Health Canada’s announcement occurs less than one month after the US Food and Drug Administration (FDA) confirmed the safety and efficacy of ADDERALL XR by expanding the pediatric and adult indication to include the treatment of adolescents aged 13 to 17 with ADHD. ADDERALL XR is currently the most commonly prescribed brand of ADHD medication in the United States.

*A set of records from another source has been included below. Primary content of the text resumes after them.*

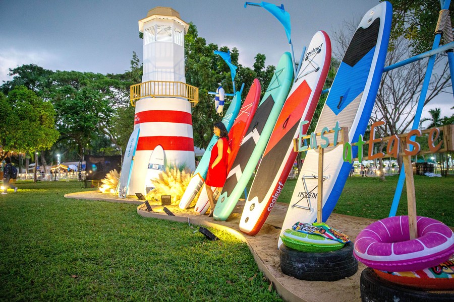 A visitor poses for photos with the miniature of a lighthouse during the 40th Thailand Tourism Festival at Lumpini Park in Bangkok, Thailand, Feb. 22, 2022. (Xinhua/Wang Teng)
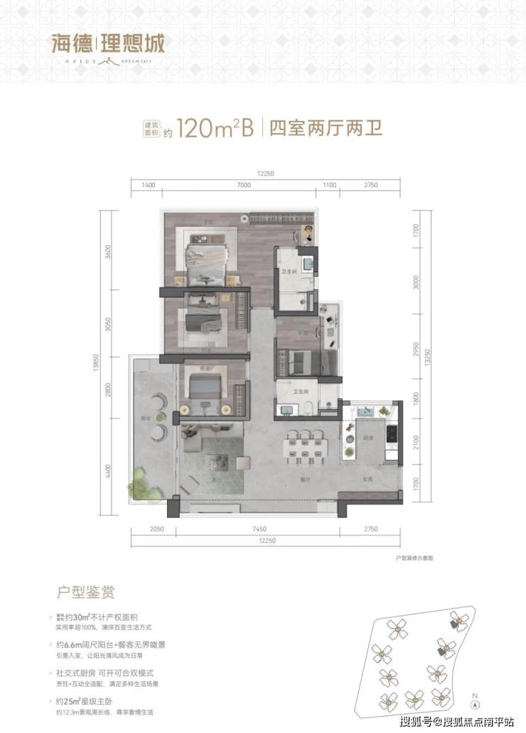 B款户型则如同“空间魔方”,全屋赠送约30平方米。四开间朝南且直面园林,享一线园林景观。该户型设计动静分区,约6.6米阔景阳台与餐客厅无界相连,引景入室,让阳光与清风成为家中日常。社交式厨房可开可合,兼顾烹饪乐趣与家人互动。约25平方米主卧拥有约12.3米景观周长线,奢享从容涵养的人生境界。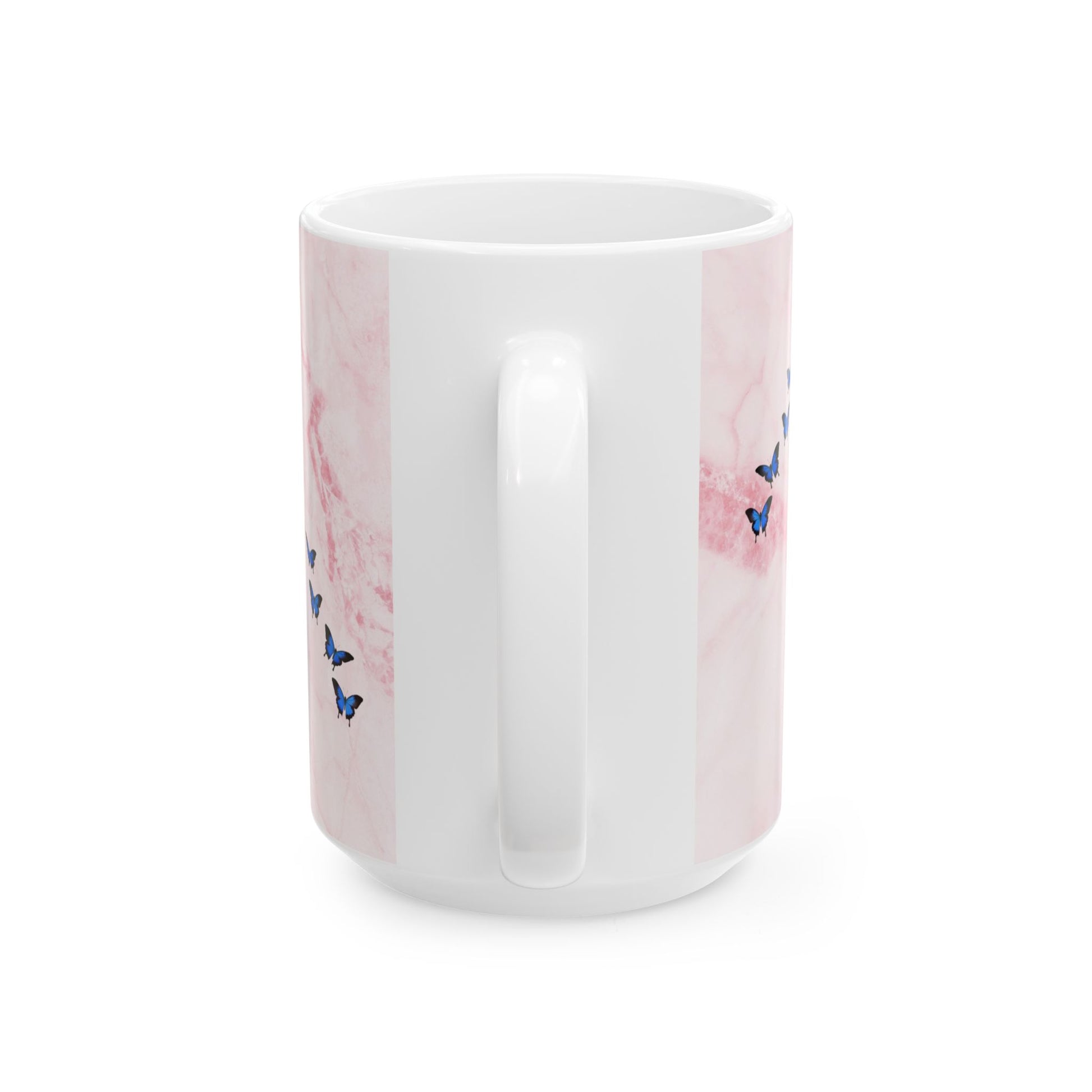 Healing Quote Mug — Pink Marble Butterfly Inspirational Ceramic Coffee Cup (11oz/15oz)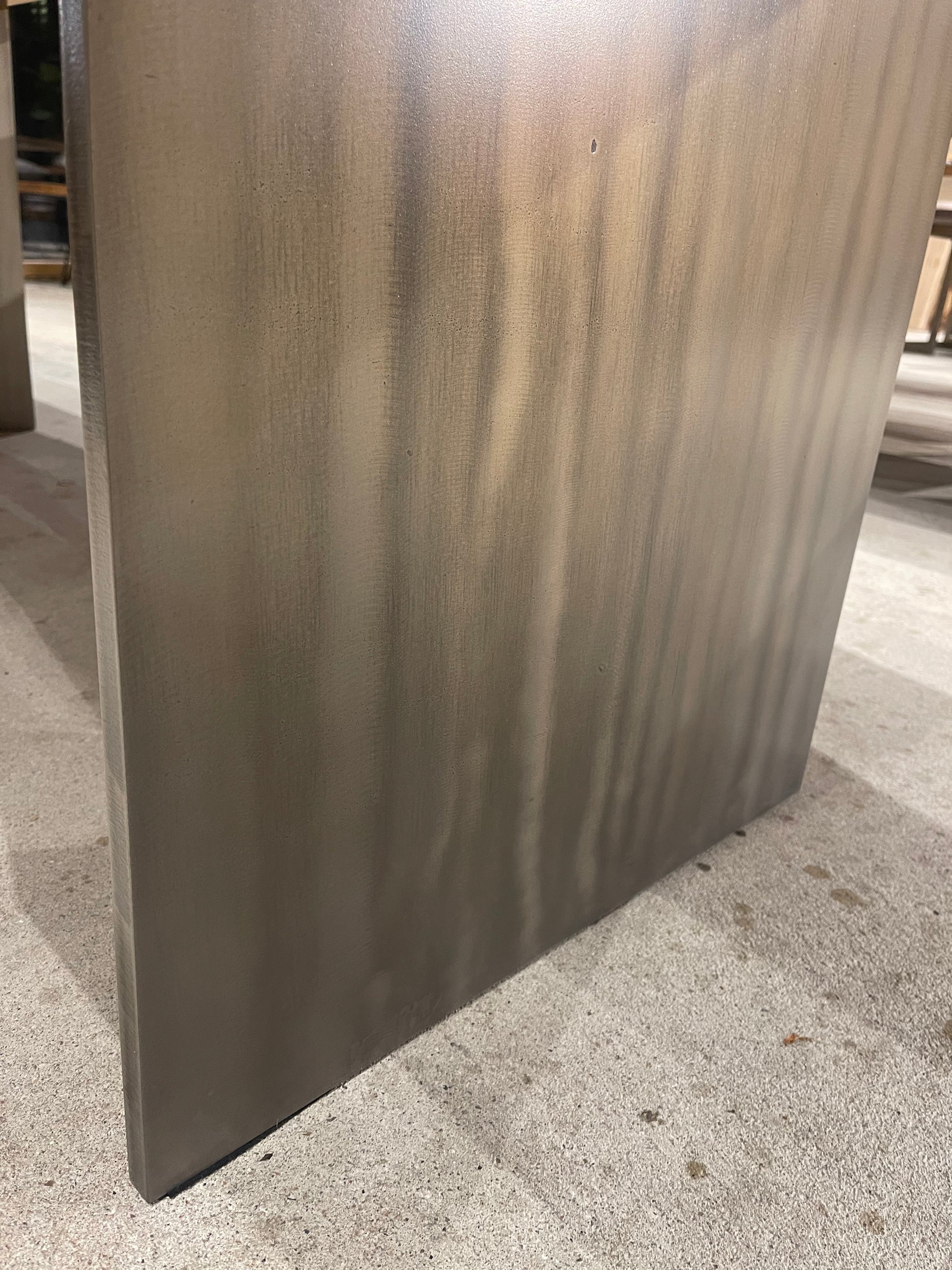 Das Metallgestell aus Stahl besteht aus zwei stabilen Stahlplatten, die dem Tisch eine schwebende Optik verleihen und gleichzeitig für maximale Standfestigkeit sorgen. Die Oberfläche des Gestells besitzt einen besonderen Schliff, der je nach Lichteinfall zwischen Silber und Anthrazit schimmert. Jedes Gestell wird in Hamburg handgefertigt – keine Massenware, sondern individuell anpassbar in Höhe, Stärke, Form und Farbe.

“The return of this medication provides Canadian health care professionals with an effective treatment option for patients who suffer from the symptoms of ADHD,” stated Joseph Biederman, M.D., Harvard Medical School, Boston, Massachusetts. “Amphetamines have been used medically for almost 70 years. If untreated, the symptoms of ADHD often continue past childhood into adolescence and adulthood, where they can significantly impact an individual's family, academic performance, job and overall quality of life.”
The NDC recommendation for the reinstatement of ADDERALL XR in Canada, supported by both Health Canada and Shire, includes revisions to the product monograph and patient leaflet that Shire previously proposed in November 2004 to make it consistent with the US package insert. A product monograph is the Canadian equivalent of a US package insert required by the FDA.
Health Canada approved ADDERALL XR in January 2004 but suspended marketing authorization in February 2005 because of concerns about the drug’s safety. Following this action, the US FDA posted a statement on its Web site confirming that “FDA does not feel that any immediate changes are warranted in the FDA labelling or approved use of this drug based upon its preliminary understanding of Health Canada's analyses of adverse event reports and FDA's own knowledge and assessment of the reports received by the agency.”
Since 1996, over 43 million prescriptions have been written for branded Adderall or Adderall XR.
ADHD affects approximately 3 to 7 percent of all school-age children and is considered the most commonly diagnosed psychiatric disorder in children and adolescents. ADHD can have a profound effect on a child’s quality of life and can be serious enough to interfere beyond academics, leading to problems maintaining friendships, difficulties focusing on sports or other after-school activities, and challenges in relating well with other family members.
Untreated ADHD has long-term adverse effects on academic performance, vocational success and social-emotional development. Evidence also suggests that many with untreated ADHD may be at risk for other problems, such as drug abuse, anti-social behavior and poor self-esteem. As they age, up to 65 percent of adolescents with ADHD may still exhibit symptoms into adulthood.